The year 1979
In 1979, the economic development of Western industrialised countries, which managed to increase their gross national product by 3 percent in real terms, was characterised by a generally uniform curve: the economic upturns of the initial six months flattened out considerably - albeit with regional variations - over the course of the year. Considerable momentum was lost by the economies of the USA, Great Britain and the Netherlands, with, for example, Japan providing a contrast thanks to its booming industrial goods exports, rendering it largely immune to the global downwards trend.
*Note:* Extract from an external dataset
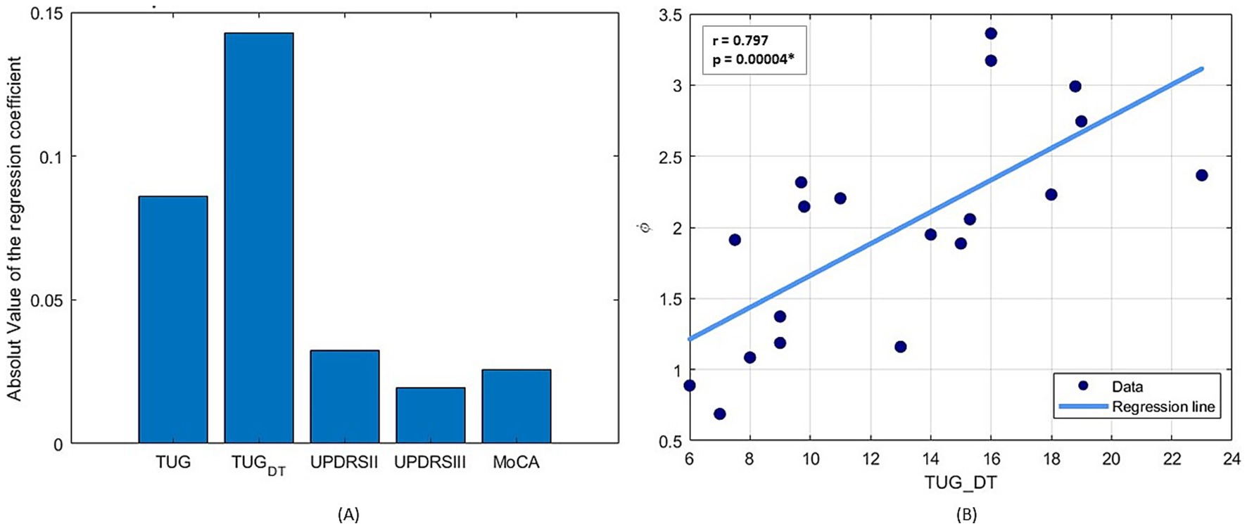 Figure 3. (A) Absolute value of the coefficients of the multiple linear regression to estimate the simultaneous relationship of clinical variables on φ-bonacci gait number. (B) Spearman linear correlation results between TUG Dual Task and φ-bonacci gait number.
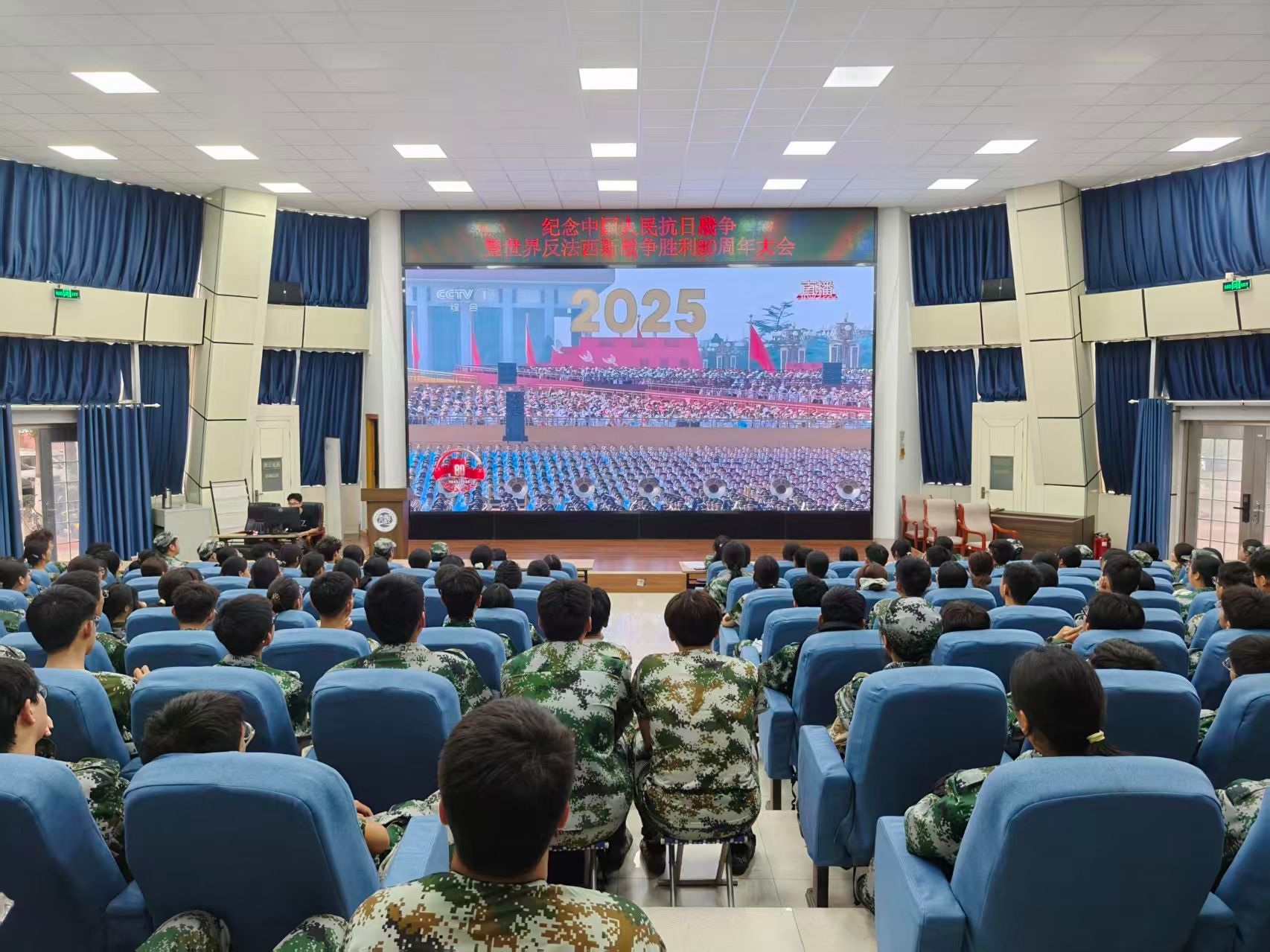 9月3日,纪念中国人民抗日战争暨世界反法西斯战争胜利80周年大会在北京天安门广场隆重举行。为深切缅怀革命先烈,弘扬伟大抗战精神,激发我部2025级本科新生的爱国热情和民族自豪感,当天上午,我部组织2025级全体本科新生于金明校区景兰报告厅观看九三阅兵仪式直播,共同见证这一承载着民族记忆与时代强音的庄严盛典。

In some aspects, the economy of the Federal Republic developed rather more favourably than those of comparable industrialised countries. Gross national product increased by 4.4 percent in real terms, and exports by 7 percent. With a rate of capacity utilisation of 84.4 percent, industry generated a growth rate of 5.6 percent and increased its overall investment in comparison with the previous year by 14 percent. At the same time, averaged out over the year, the unemployment figure fell to 876,000 (-11.8 percent). Although the results for the chemicals industry were affected negatively in the industrialised countries of the West by the rises in the price of oil and raw materials and by instances of overcapacity in various segments, the chemical companies in the Federal Republic still managed to increase their sales from DM 110.61 billion (1978) to DM 126.27 billion. Overall, the sector invested around DM 6 billion, distributed in equal thirds to the expansion of capacity, necessary replacements and the rationalisation of production processes. Mechanical engineering was also notable for its stable growth, achieving an increase in sales of over 5 percent.